- _Task objective_
Dropping every picture, set down exactly the lines in the entries below, starting with the line with "وَقَال يعقوب بْن" and going on through the line with "在建设数据库治理能力的同时,我们也通过 OpenSergo 在与社区共同建设数据库治理的标准。".

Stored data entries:

※

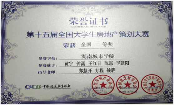 2、举办了第十五届全国大学生房地产策划大赛全国总决赛,展示了来自全国各地高校的优秀房地产策划作品,我校团队获得国家三等奖。
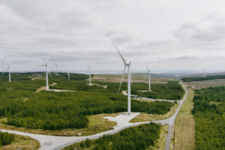 Connemara aerial landscape with wind turbines of Galway Wind Park located in Cloosh Valley, County Galway. Largest onshore wind farm in Ireland, green energy generation. Galway Wind Way recreation.
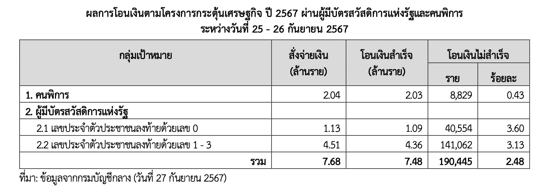 โฆษกกระทรวงการคลัง กล่าวว่า การโอนเงินเมื่อวันที่ 26 กันยายน 2567 ให้ผู้มีบัตรสวัสดิการแห่งรัฐที่มีเลขประจำตัวประชาชนลงท้ายด้วยเลข 1-3 จำนวน 4.51 ล้านราย พบว่ามีการโอนเงินไม่สำเร็จจำนวน 141,062 ราย ทำให้มียอดสะสมของการโอนเงินให้แก่กลุ่มเป้าหมายสำเร็จแล้วรวมทั้งสิ้น 7.48 ล้านราย และการโอนเงินไม่สำเร็จจำนวน 190,445 ราย
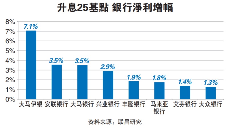 联昌研究预测25基点或0.25%的隔夜政策利率调升,可让国内银行业获得盈利约6亿3400万令吉,超越银行业因升息增加的额外1亿6300万令吉成本开销。
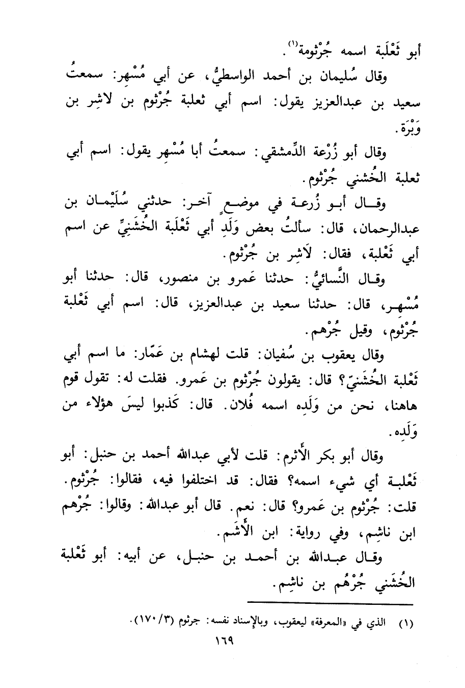 وَقَال يعقوب بْن سُفْيَان: قلت لهشام بْن عمار: ما اسم أَبِي ثعلبة الخشني؟ قال: يقولون جرثوم بْن عَمْرو. فقلت له: تقول قوم هاهنا، نحن من ولده اسمه فلان. قال: كذبوا ليس هؤلاء من ولده.
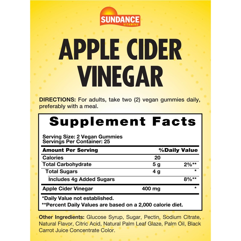 Sundance Apple Cider Vinegar Gummies | 50 Count | Apple Flavor | Vegan, Non-G...
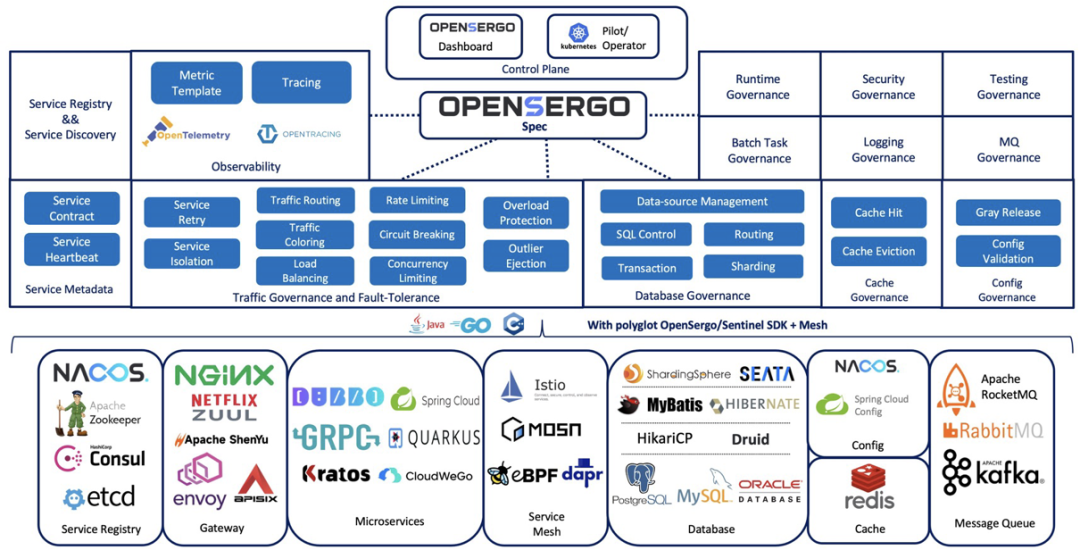 在建设数据库治理能力的同时,我们也通过 OpenSergo 在与社区共同建设数据库治理的标准。
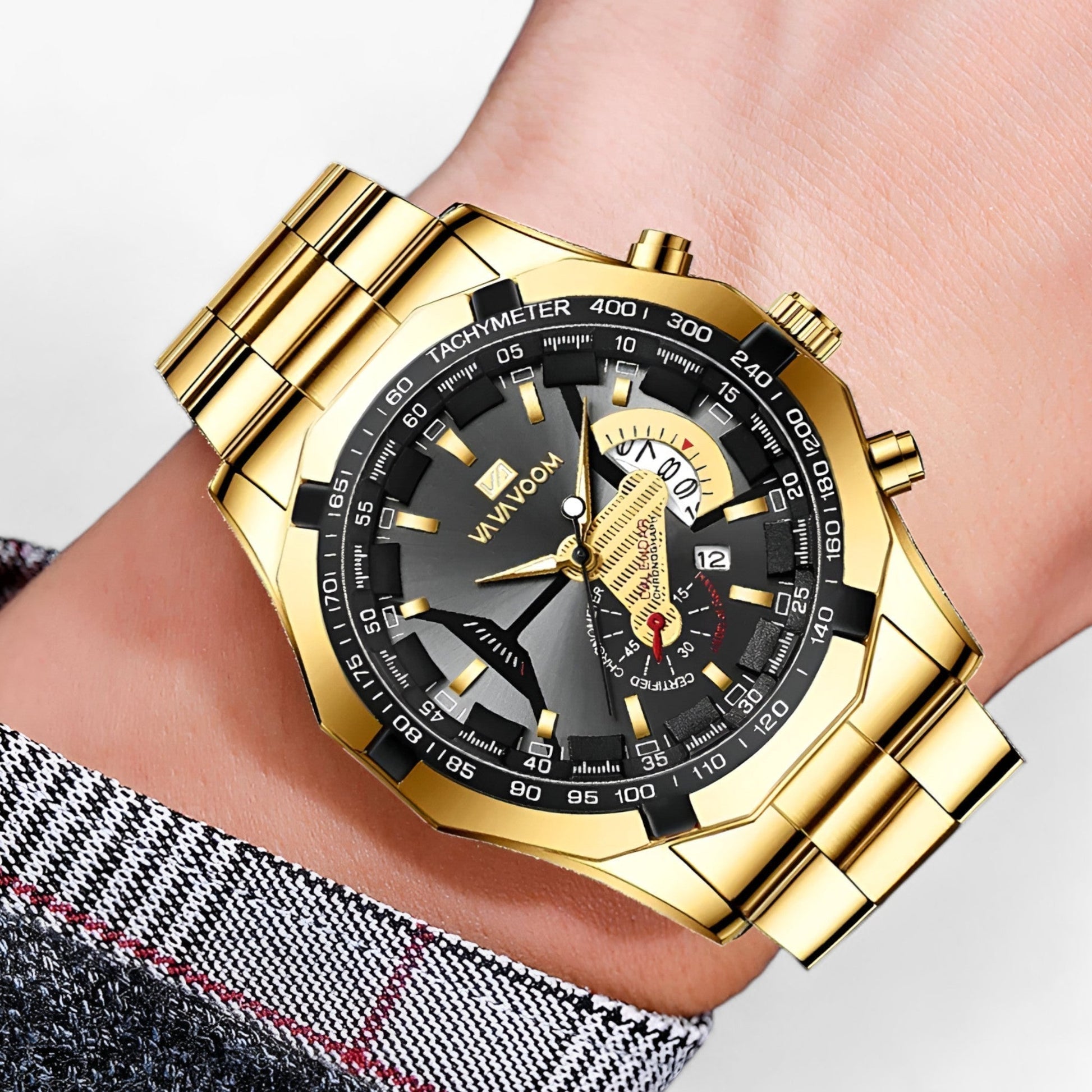 Präsentiert die BRONZ Herren Gold Sportuhr Quarz wasserdichte Armbanduhr, perfekt für einen aktiven Lebensstil und Reisen. Diese Uhr verfügt über ein elegantes goldfarbenes Gehäuse und Armband mit einer zuverlässigen Quarzuhrbewegung. Sie kombiniert Stil mit Funktionalität, ideal für den täglichen Gebrauch und Outdoor-Aktivitäten.
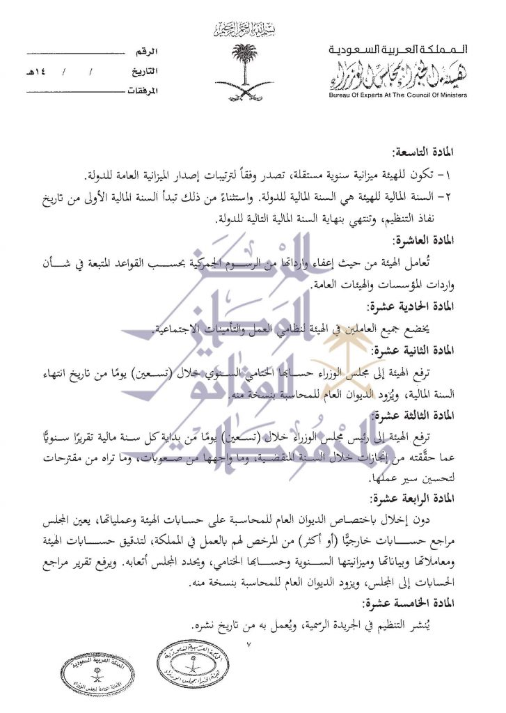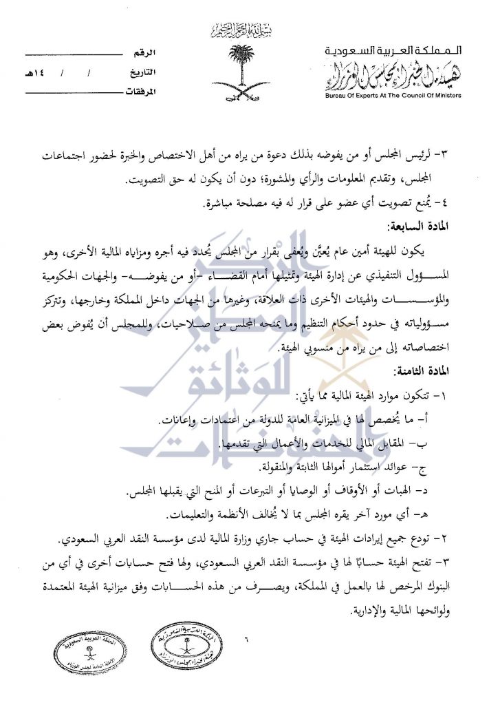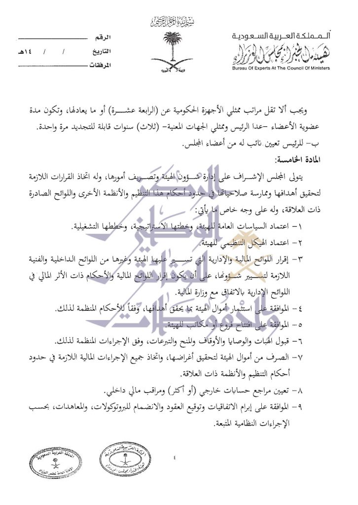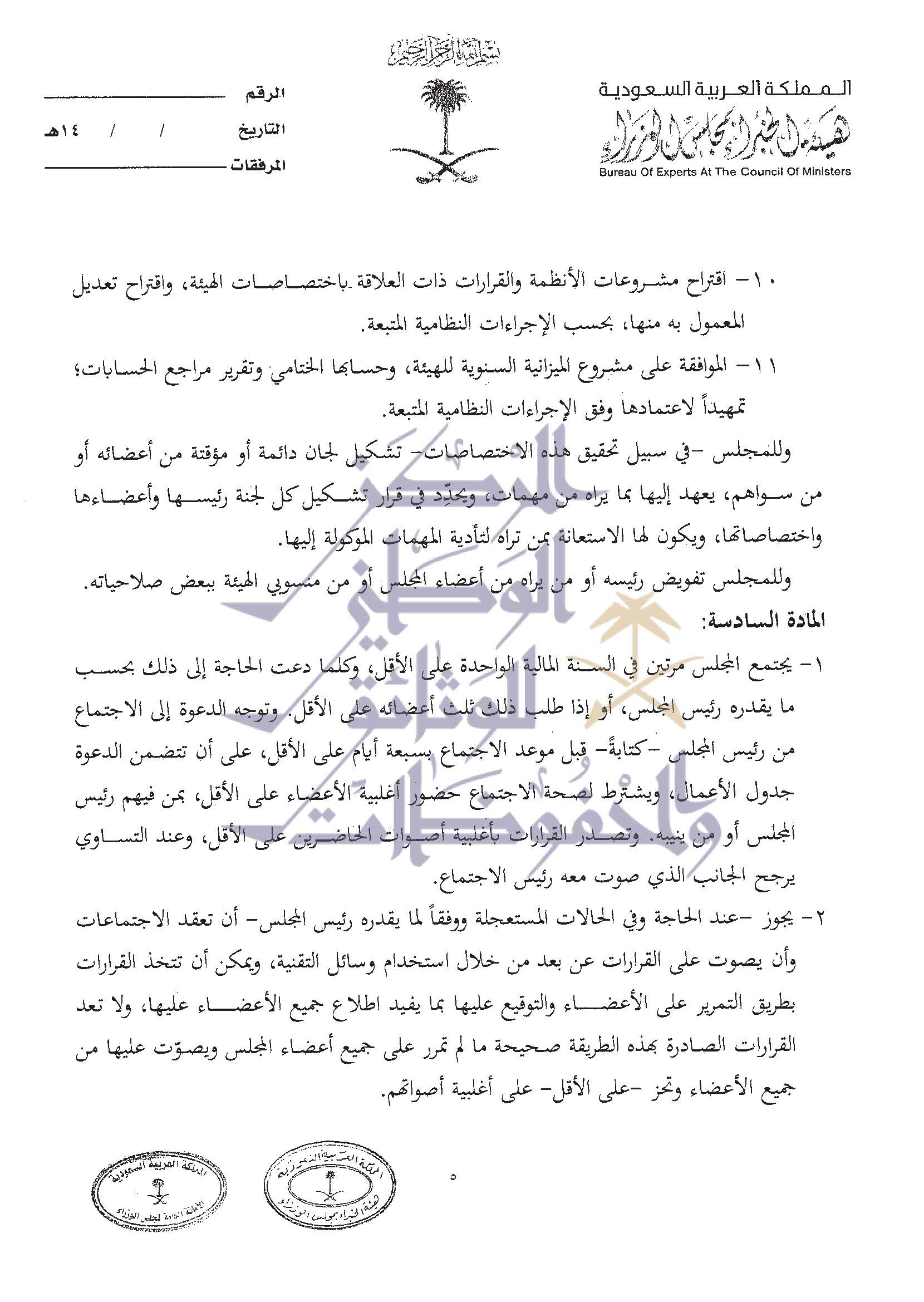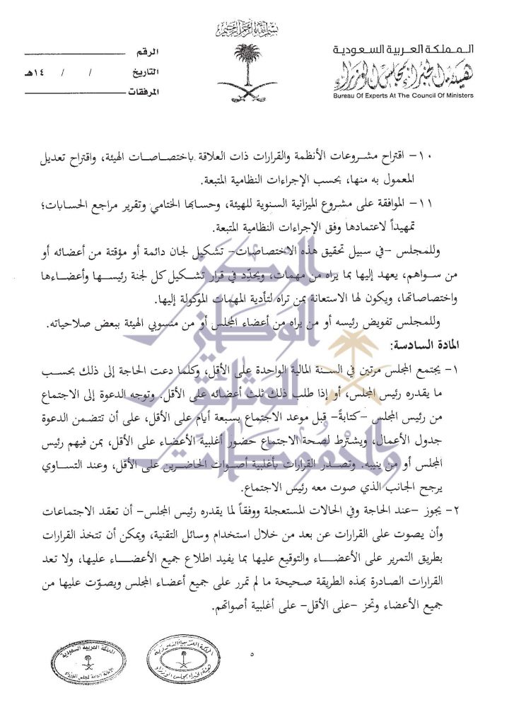 صيغة عمل الهئية العليا للفروسية التي وافق عليها مجلس الوزراء في الجلسة الماضية
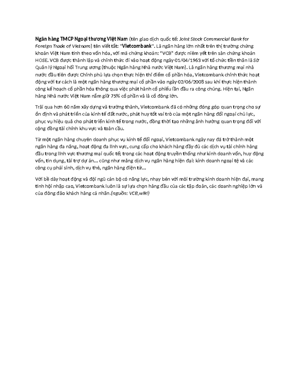 Giới thiệu Ngân hàng TMCP Ngoại thương Việt Nam (VCBb) - Studocu

※

- _Result for this task_
 وَقَال يعقوب بْن سُفْيَان: قلت لهشام بْن عمار: ما اسم أَبِي ثعلبة الخشني؟ قال: يقولون جرثوم بْن عَمْرو. فقلت له: تقول قوم هاهنا، نحن من ولده اسمه فلان. قال: كذبوا ليس هؤلاء من ولده.
 Sundance Apple Cider Vinegar Gummies | 50 Count | Apple Flavor | Vegan, Non-G...
 在建设数据库治理能力的同时,我们也通过 OpenSergo 在与社区共同建设数据库治理的标准。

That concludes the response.